The High Pay Commission was an independent inquiry established by Compass with the support of the Joseph Rowntree Charitable Trust to look into high pay and boardroom pay across the public and private sectors
At the end of 2011, the Commission made 12 key recommendations in its final report, many of which mirror those raised in a consultation paper published by the Department for Business and Innovation Skills (for more information on the consultation paper, please click here).
The High Pay Commission's recommendations
- Executives should be paid a basic salary, with remuneration committees electing to award one additional performance related element only where it is deemed necessary in the long term interests of the company.
- An anonymised list of their top 10 highest paid employees outside the boardroom should be published.
- Remuneration reports should be presented in a standardised format, incorporating and moving beyond best practice. As part of this the Commission recommends that all companies publish a figure for the total remuneration package received by each executive and a methodology for how it has been calculated.
- All investment fund managers should fully disclose how they vote on all issues including those of remuneration.
- Employees should be represented on remuneration committees as a first step to better engagement and accountability.
- All publicly listed companies should annually publish a statement of the distribution of income over a period of three years, showing the percentage changes in: total staff costs; company reinvestment; shareholder dividends; executive team total package and tax paid.

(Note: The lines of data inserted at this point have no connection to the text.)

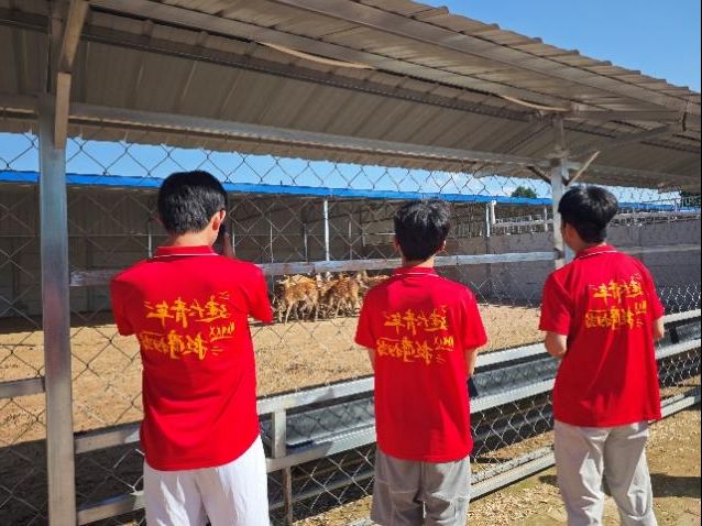 圖為實踐團成員參觀梅花鹿養(yǎng)殖基地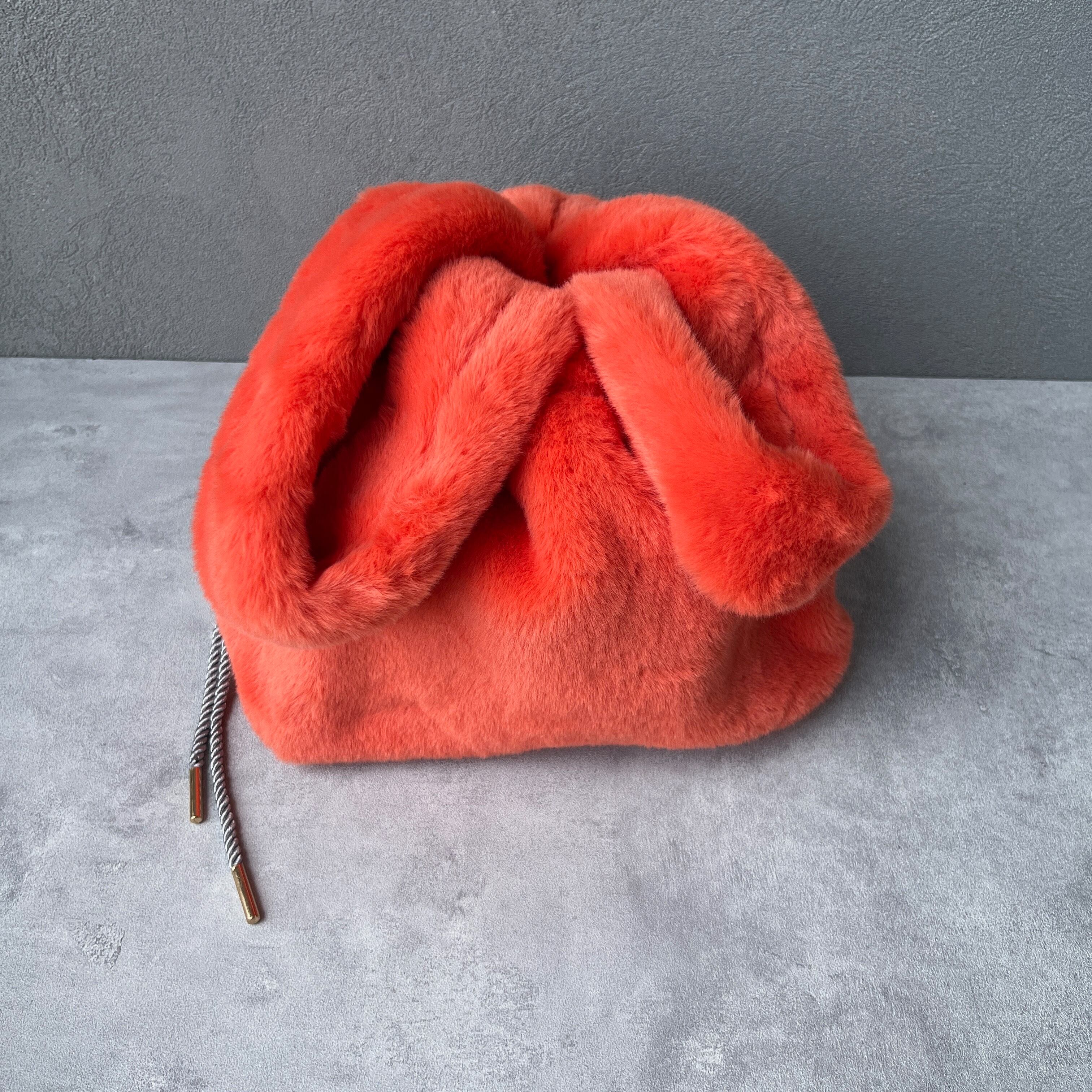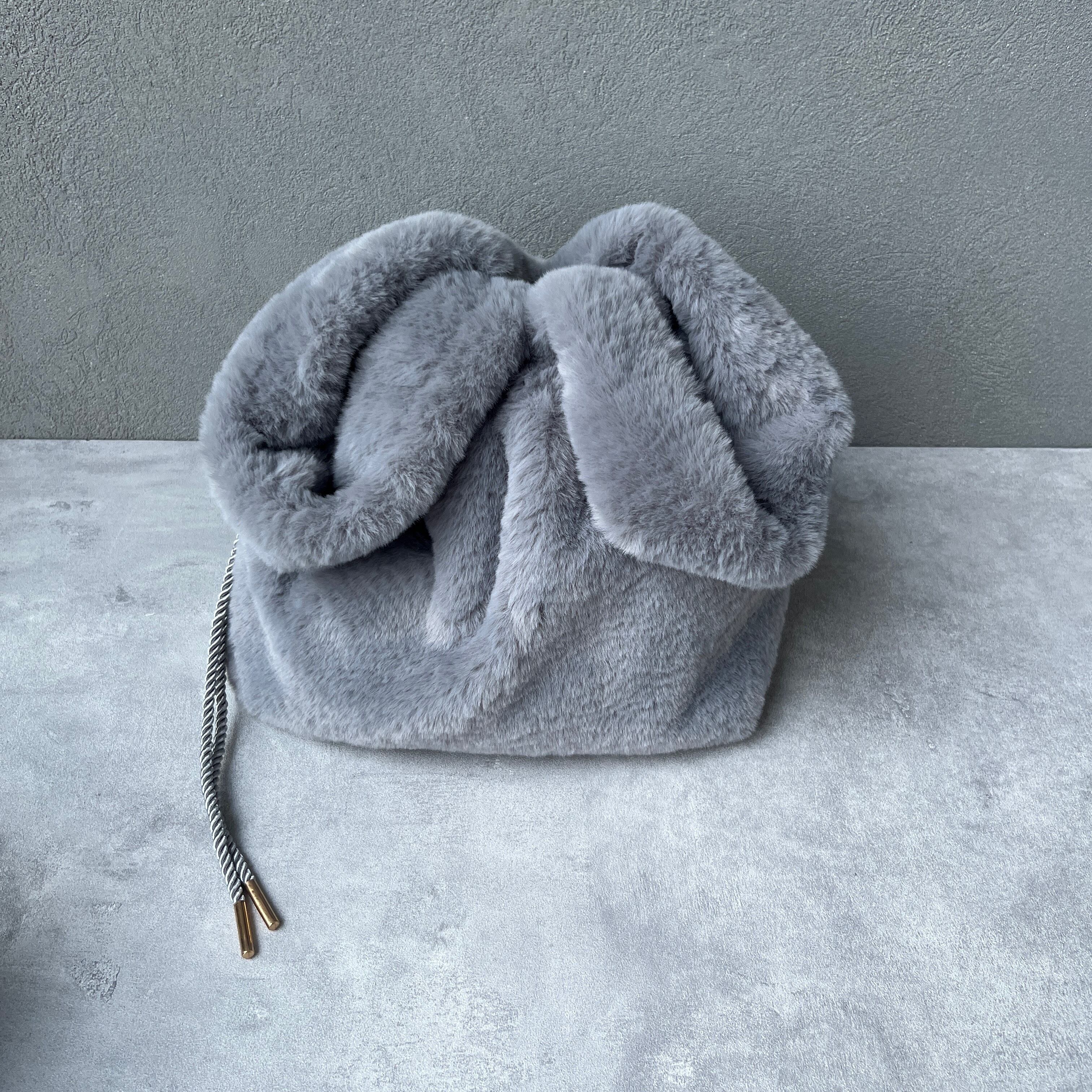 ウサギの耳のような、ふわふわの持ち手がついたファーバッグ。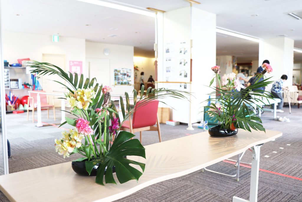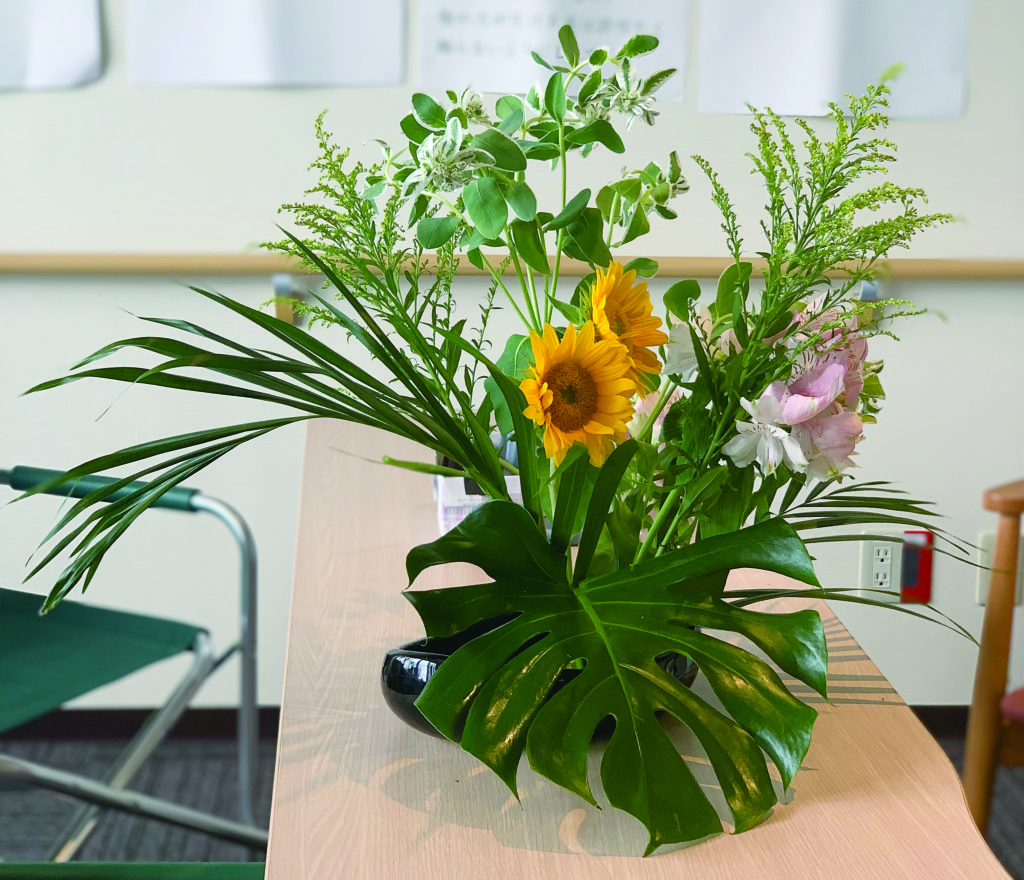 今日のメニューは生花。参加の皆さんでひとつの作品を作り上げます。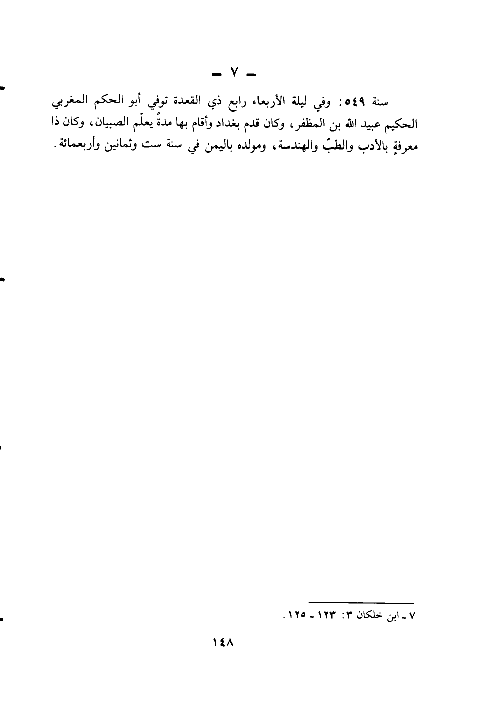 سنة 549: وفي ليلة الأربعاء رابع ذي القعدة توفي أبو الحكم المغربي الحكيم عبيد الله بن المظفر، وكان قدم بغداد وأقام بها مدة يعلم الصبيان، وكان ذا معرفةٍ بالأدب والطب والهندسة، ومولده باليمن في سنة ست وثمانين وأربعمائة.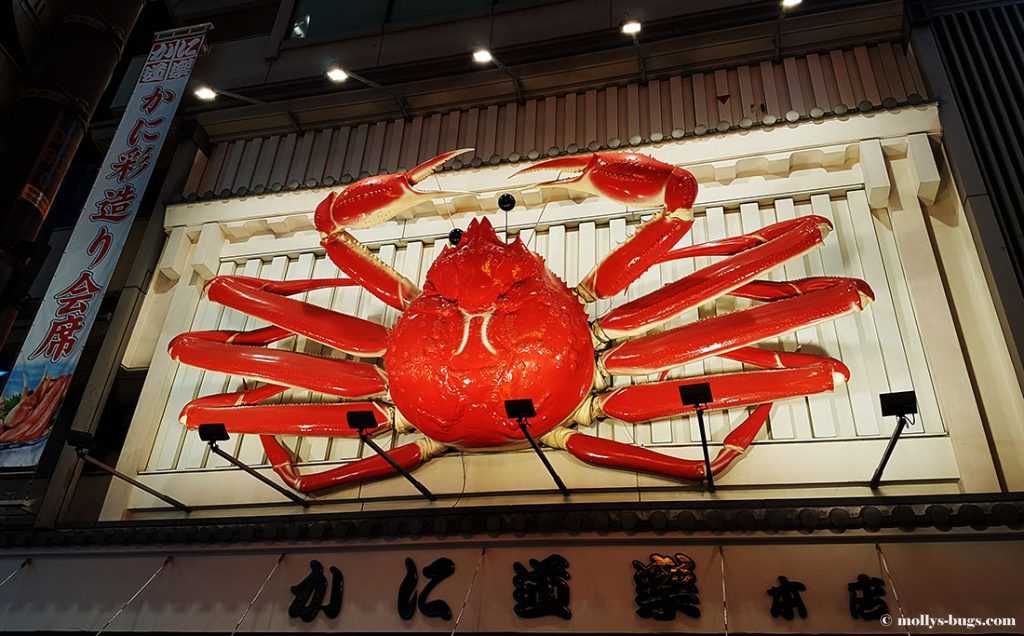 Найти его совсем не сложно, особенно если вечером вы будете прогуливаться по очень оживленной улице Shinsaibashi, или вдоль канала, который пересекает самые большие улицы города. Перепутать или не заметить этот ресторан не получится — на его фасаде находится огромный краб с шевелящимися ногами, клешнями и глазами. Внизу у входа в ресторан продается много еды на вынос для тех, кто не хочет заходить внутрь и ждать, пока ее приготовят.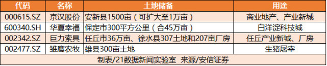 從所屬行業(yè)看,房地產(chǎn)開發(fā)的最多,共5家,其次為水泥制造、綜合。值得一提的是,部分上市公司在雄安新區(qū)的土地儲備情況十分可觀,比如: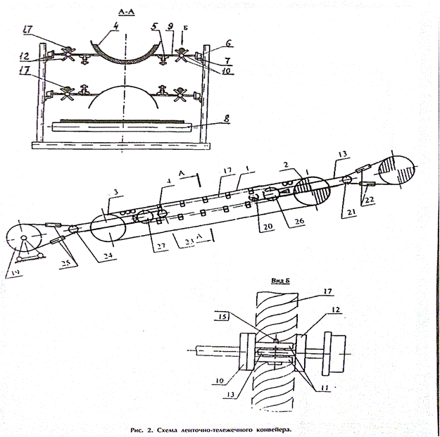 fixed in a special conveyor design KazNTU – by belt trolley [13] , with the use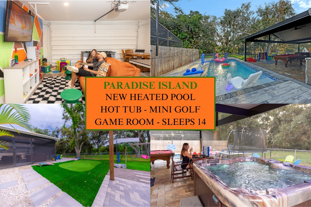 家庭乐趣•泳池•可睡14人•游戏•萨拉索塔国际机场、奥米德海滩和海滩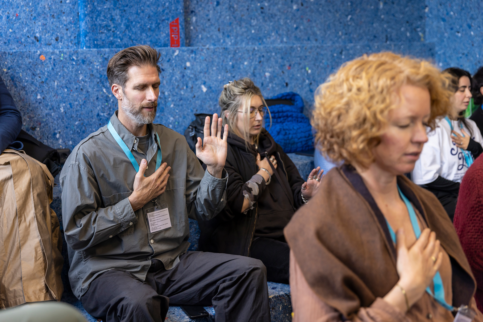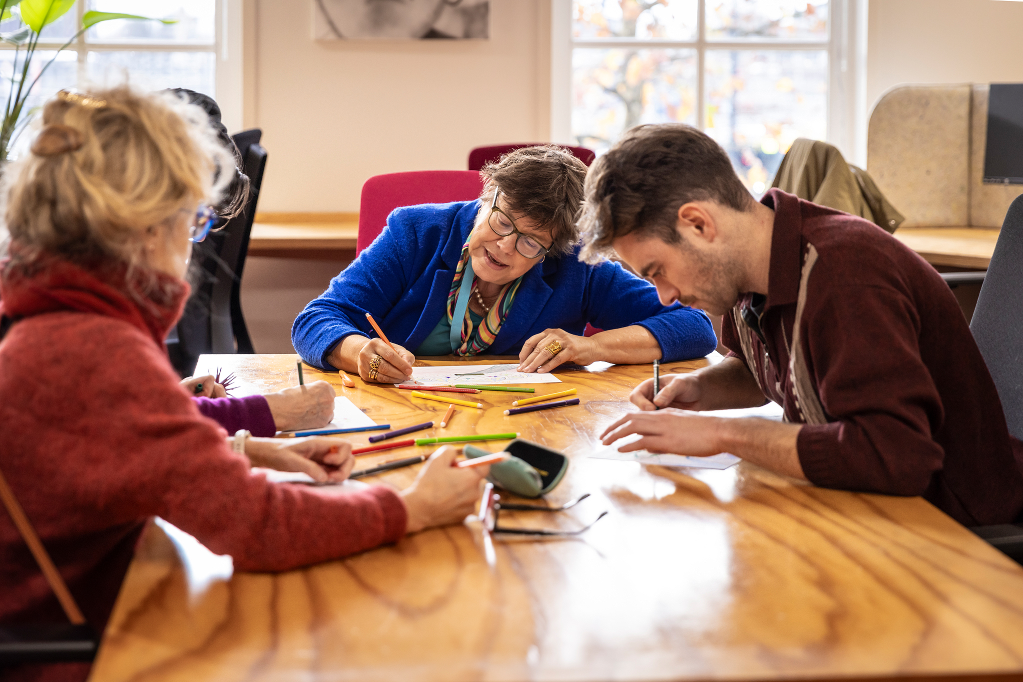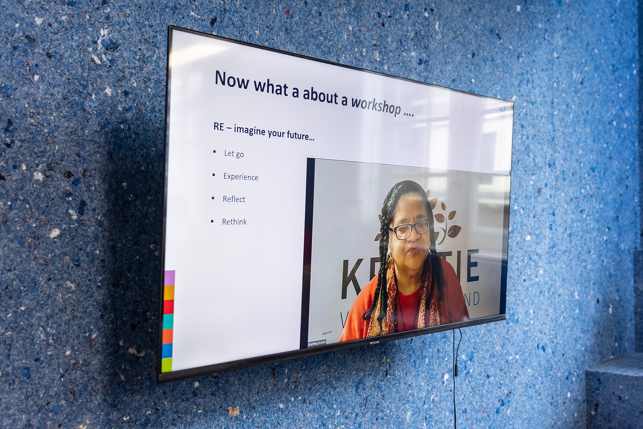 The workshop included a pre-recorded contribution by Peggy Anijs, who led a guided meditation, inviting participants to reflect, pause, and connect through breath. This embodied moment was followed by discussion, in which participants expressed interest in how the Kraktie community functions beyond the centre’s activities, extending into mutual support in everyday life.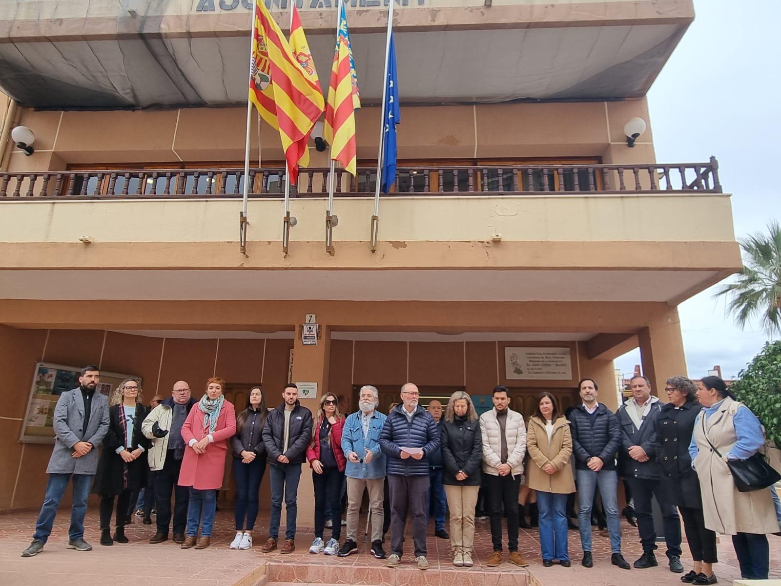 Ante la dramática cifra de fallecidos, heridos y personas afectadas por la pérdida de sus hogares, el Ayuntamiento ha secundado la convocatoria de la Federación Española de Municipios y Provincias (FEMP), “como muestra de su pesar con los fallecidos y sus familias, con los heridos y con las personas afectadas, y como manifestación de solidaridad con todos ellos, con el Ayuntamiento y con toda la ciudadanía”, ha señalado el alcalde Juanjo Berenguer, acompañado por cargos públicos de todos los partidos políticos con representación municipal, funcionarios, integrantes de la Policía Local y vecinos.

- Shareholders should cast forward looking advisory votes on remuneration reports - votes on remuneration should be cast on remuneration arrangements for three years following the date of the vote and these arrangements should include future salary increases, bonus packages and all hidden benefits, giving shareholders a genuine say in the remuneration of executives.
- Companies should invest in the talent pipeline - they should implement a defined and structured talent pipeline to ensure suitable and qualified successors are promoted from within the company where possible.
- Recruitment of non-executives should be openly and publicly advertised, making remuneration committees open to a wider group, encouraging diversity and ending the closed shop culture of appointments.
- Conflicts of interest of remuneration consultants should be reduced - companies should publish the extent and nature of all the services provided by remuneration consultants acknowledging this is only the first step if cross selling is seen to continue.
- All publicly listed companies should publish fair pay reports as part of their remuneration reports to build trust in pay policies.
- A permanent body should be established to monitor high pay - the Commission recommends this body is established on a social partnership basis, much like the Low Pay
Commission by government to: monitor pay trends at the top of the income distribution; police pay codes in UK companies; ensure company legislation is effective in ensuring transparency accountability and fairness in pay at the top of British Companies and report annually to government and the public on high pay.
Pay at the top of UK companies continues to attract a great deal of public attention, and the Government is expected to announce measures to address the issue soon.
Early indications are that the bar for reform will be set quite high.